College Grants Decline as Tuitions Increase
> 11/1/2006 9:48:48 AM

In a development that can only lead to more financial difficulty for low-income students, the College Board announced last week that total funding for Pell Grants, as well as average benefits per recipient, fell in 2005-6 for the first time in six years. During the same period, average tuition rose by 35 percent, a rate that outpaced inflation by a considerable margin. In their annual review of college costs and financial aid, the Board stated that, though general federal aid increased by 3.7 percent last year, this number failed to meet current levels of inflation, meaning that, once again, small increases in college aid were insufficient to counter steadily rising prices.

Pell Grants are federally funded financial aid packages, not loans: students who receive them are not required to pay them back. In order to qualify for these grants, students must submit an application which is then used to determine their level of need under guidelines set by Congress. In 2004, Congress voted for stricter requirements in judging potential recipients, the result being fewer grants awarded and less money for those who received them. These changes operated on the assumption that families are relatively wealthier now than they have been in the past - but many college officials disagree. Along with these benefit reductions, private loans for school increased by nearly 27 percent each year during the same period, meaning more students are turning to outside sources for financial help.

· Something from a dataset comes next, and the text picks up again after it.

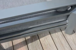 Das Untergestell des Möbelstücks besteht aus Aluminium, dies macht es nicht nur stabil, sondern sorgt auch dafür, dass es sich aufgrund des relativ geringen Gewichts ganz leicht hin und her stellen lässt. Das Aluminiumgestell wird mit Polyrattangeflecht bespannt. Das halbrunde Geflecht ist in der Farbe grau (Faser w5) gehalten und passt so wunderbar zu allen möglichen Terrasseneinrichtungen. Gemütliche Sitz- und Rückenpolster (100 % Olefin (200 g/m³)) mit einer Stärke von ca. 7 cm sorgen für höchsten Sitzkomfort. Farblich sind die grau melierten Polster perfekt auf das Geflecht abgestimmt. Die synthetische Faser Olefin wird für ihre Hitzebeständigkeit und optimalen Trage- und Pflegeeigenschaften geschätzt. Sollten Sie einmal Falten in Ihren Polstern haben, werden diese bei Wärme von alleine verschwinden, sodass die Bezüge komplett bügelfrei sind. Textilien aus Olefin sind bequem, hautkühlend, waschbar und bügelfrei. Sie eignen sich perfekt für den Einsatz im Freien, was nicht zuletzt an ihrer wasserabweisenden und atmungsaktiven Materialzusammensetzung liegt.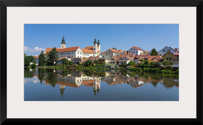 <p>Telc Chateau reflected in Ulicky pond, UNESCO, Telc, Jihlava District, Vysocina Region, Czech Republic</p>

The most obvious consequence of these developments will be higher levels of debt for current students - and the trend shows no signs of slowing down. Some argue that Pell Grants are simply gratuitious federal giveaways, and that the overall yearly total of 12.7 billion is a more-than-sufficient gift to middle and lower-income students. But if our government is truly committed to making college education available to a greater number of young Americans, one has to wonder why they choose to pass legislation that ultimately increases the financial burden laid on those who can least afford it.